• **Input data**

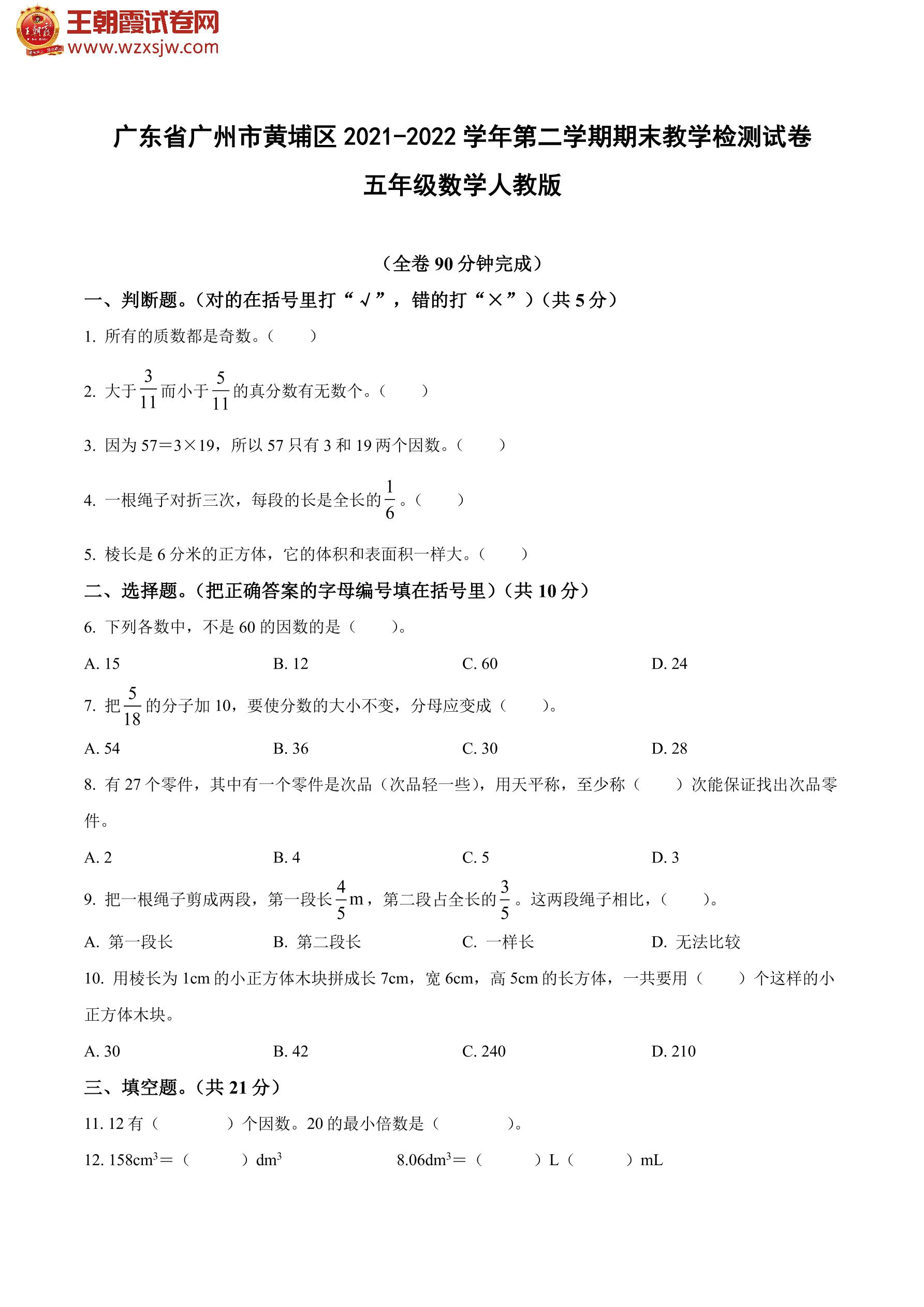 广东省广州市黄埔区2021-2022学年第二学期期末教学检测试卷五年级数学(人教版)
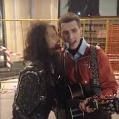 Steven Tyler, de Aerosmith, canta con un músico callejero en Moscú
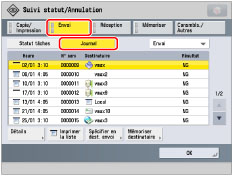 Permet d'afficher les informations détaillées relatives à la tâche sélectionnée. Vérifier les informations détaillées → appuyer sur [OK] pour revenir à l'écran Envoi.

• **Task to carry out**
Leave the pictures out and return the rest of the material exactly.

• **Task result**
 广东省广州市黄埔区2021-2022学年第二学期期末教学检测试卷五年级数学(人教版)
 Steven Tyler, de Aerosmith, canta con un músico callejero en Moscú
 Permet d'afficher les informations détaillées relatives à la tâche sélectionnée. Vérifier les informations détaillées → appuyer sur [OK] pour revenir à l'écran Envoi.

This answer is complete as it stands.